HiFT: A Hierarchical Full Parameter Fine-Tuning Strategy

This repo contains the source code of the Python package HiFT and several examples of how to integrate it with PyTorch models, such as those in Hugging Face. We only support PyTorch for now. See our paper for a detailed description of ·HiFT. HiFT supports FPFT of 7B models for 24G GPU memory devices under mixed precision without using any memory saving techniques and various optimizers including AdamW, AdaGrad, SGD, etc.

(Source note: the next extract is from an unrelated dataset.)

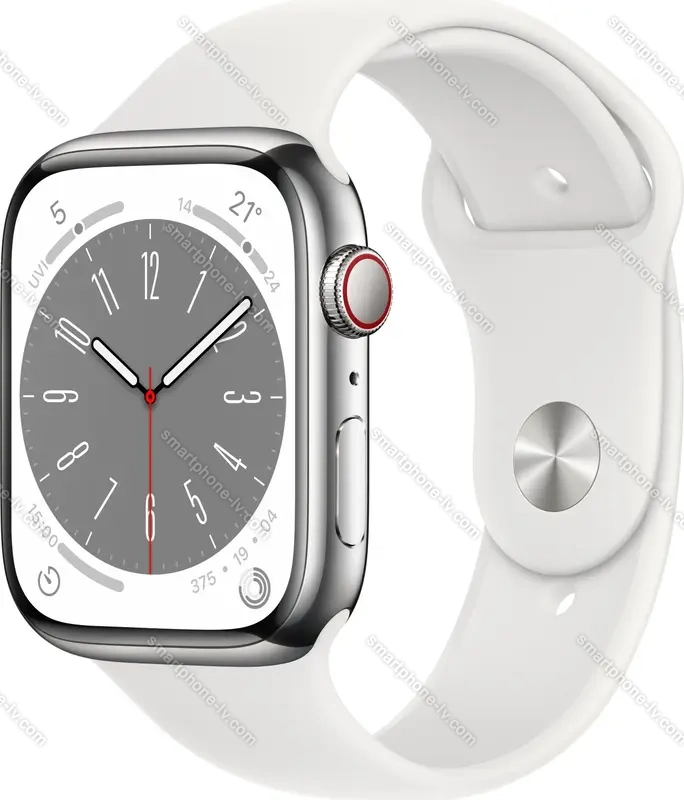 Apple Watch Series 8 (GPS + cellular) 45mm stainless steel silver with sport wristlet white, Латвия |

HiFT: A Hierarchical Full Parameter Fine-Tuning Strategy <br> Yongkang Liu, Yiqun Zhang, Qian Li, Tong Liu, Shi Feng, Daling Wang, Yifei Zhang, Hinrich Schütze <br> Paper: https://arxiv.org/abs/2401.15207 <br>

News

26/1/2024: Publish the first version of HiFT manuscript
25/2/2024: Publish the second version of HiFT manuscript and source code
1/5/2024: Updated HiFT support for LoRA
10/5/2024: Adapt the optimizer provided by bitsandbytes
13/5/2024*: Adapt Adalora,LoRA, IA3, P_tuning, Prefix_tuning , Prompt_tuning peft method.

Repository Overview

There are several directories in this repo:

hift/ contains the source code for the package hift, which needs to be installed to run the examples we provide;
examples Contains HiFT-based NER, QA, classification, text generation,instruction fine-tuning, and pre-training example implementation.
scripts contains the script for running examples we provide.
dsconfig contains configuration files required for mixed precision.
data contains examples for instruction fine-tuning and pre-training.

Out-of-memory issues

Instruction fine-tuning 7B model on A6000 (48G), and the experimental results show that the maximum sequence length supported by HiFT is 2800. Beyond this limit, OOM issues may occur.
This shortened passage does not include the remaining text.